▸ TASK REQUIREMENTS
Could the data below be printed out exactly, with the pictures left out?

▸ DATA PROVIDED

== Segment start ==

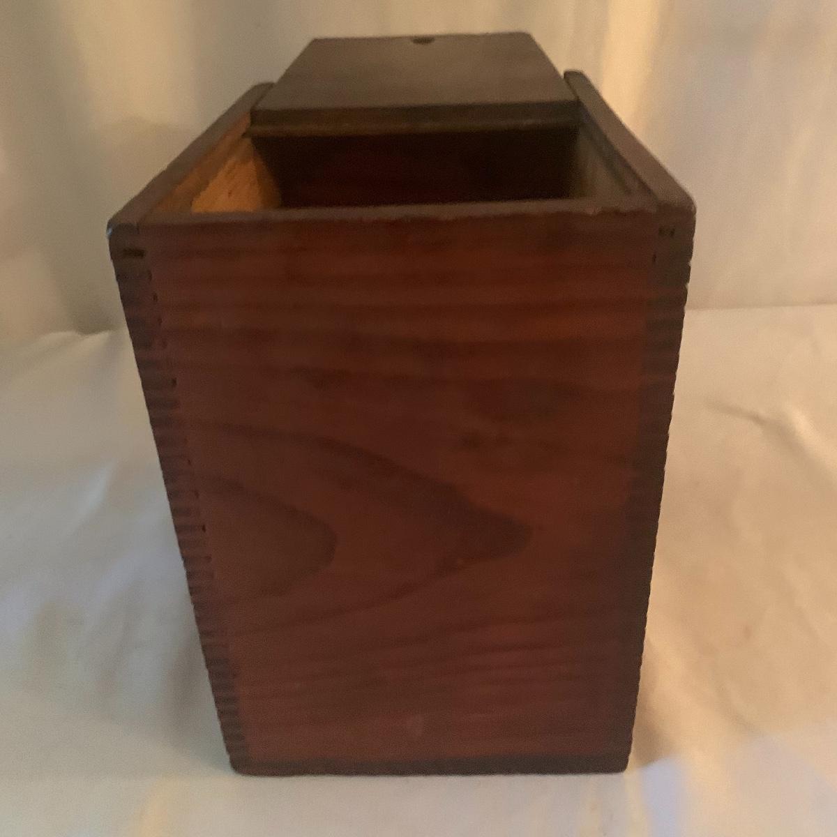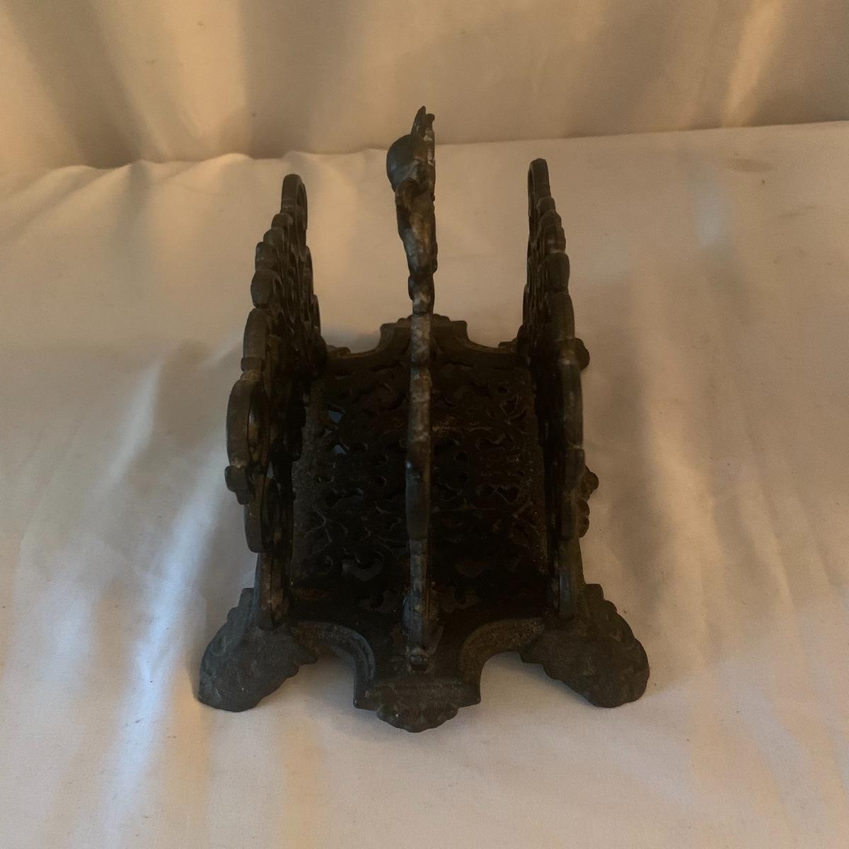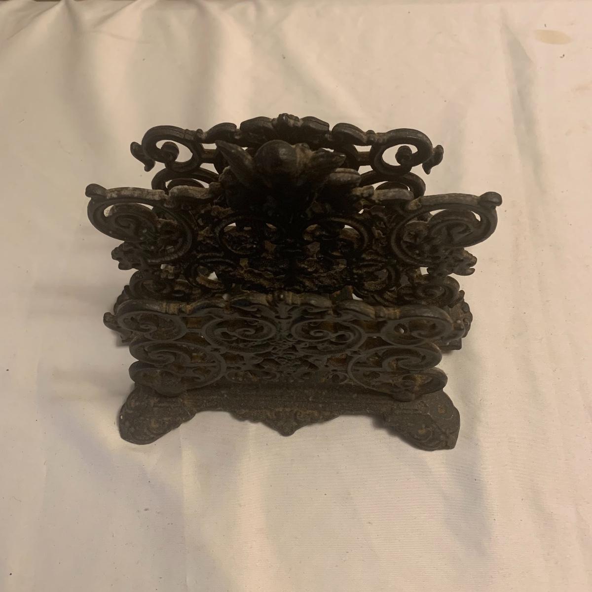 Vintage wooden recipe box measuring 8” wide X 5” deep X 8” tall in good condition. Also included is this iron napkin holder featuring a cherub and intricate designs. Both are in good condition.
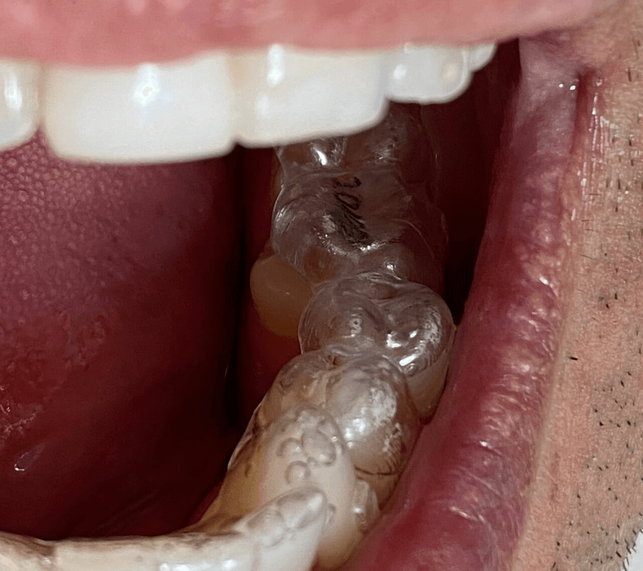 Caso na região posterior esteja desadaptada, observar se o encaixe na região foi correto, se não ocorreu alguma** deformidade no alinhador, como amassar ao encaixar**. Se sim, recomendaríamos** reconfeccionar esse alinhador ou desgastar a região** que está com o problema pois a deformidade pode prejudicar o andamento do caso.
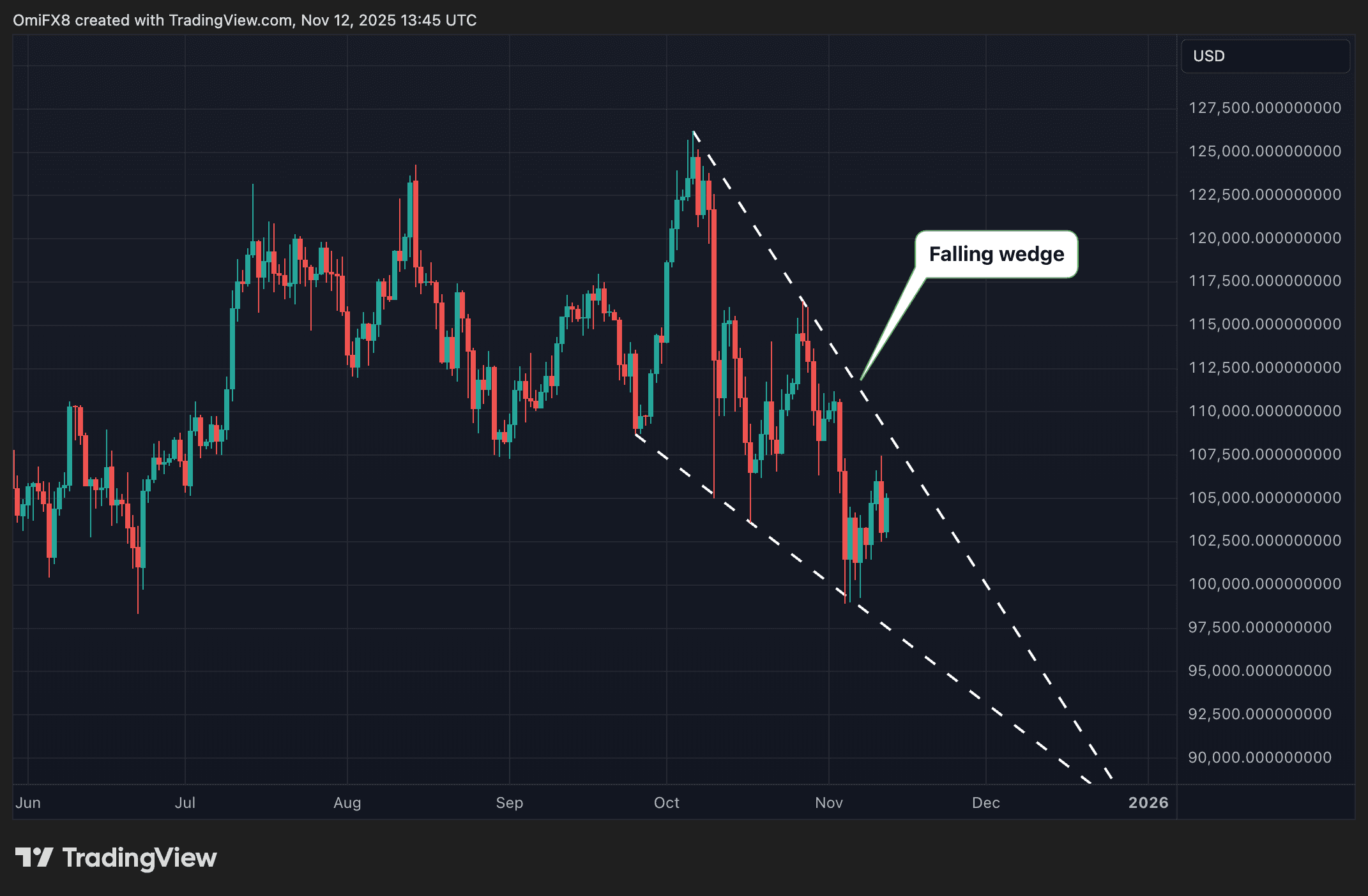 That’s the message from the price chart, which shows the sharp pull back from the record high of $126,000 on Oct. 8 to recent lows near $106,000, which has left many bulls demoralized, is quietly shaping a classic bullish technical pattern known as a falling wedge.

== Segment end ==

▸ EXERCISE RESULT
 Vintage wooden recipe box measuring 8” wide X 5” deep X 8” tall in good condition. Also included is this iron napkin holder featuring a cherub and intricate designs. Both are in good condition.
 Caso na região posterior esteja desadaptada, observar se o encaixe na região foi correto, se não ocorreu alguma** deformidade no alinhador, como amassar ao encaixar**. Se sim, recomendaríamos** reconfeccionar esse alinhador ou desgastar a região** que está com o problema pois a deformidade pode prejudicar o andamento do caso.
 That’s the message from the price chart, which shows the sharp pull back from the record high of $126,000 on Oct. 8 to recent lows near $106,000, which has left many bulls demoralized, is quietly shaping a classic bullish technical pattern known as a falling wedge.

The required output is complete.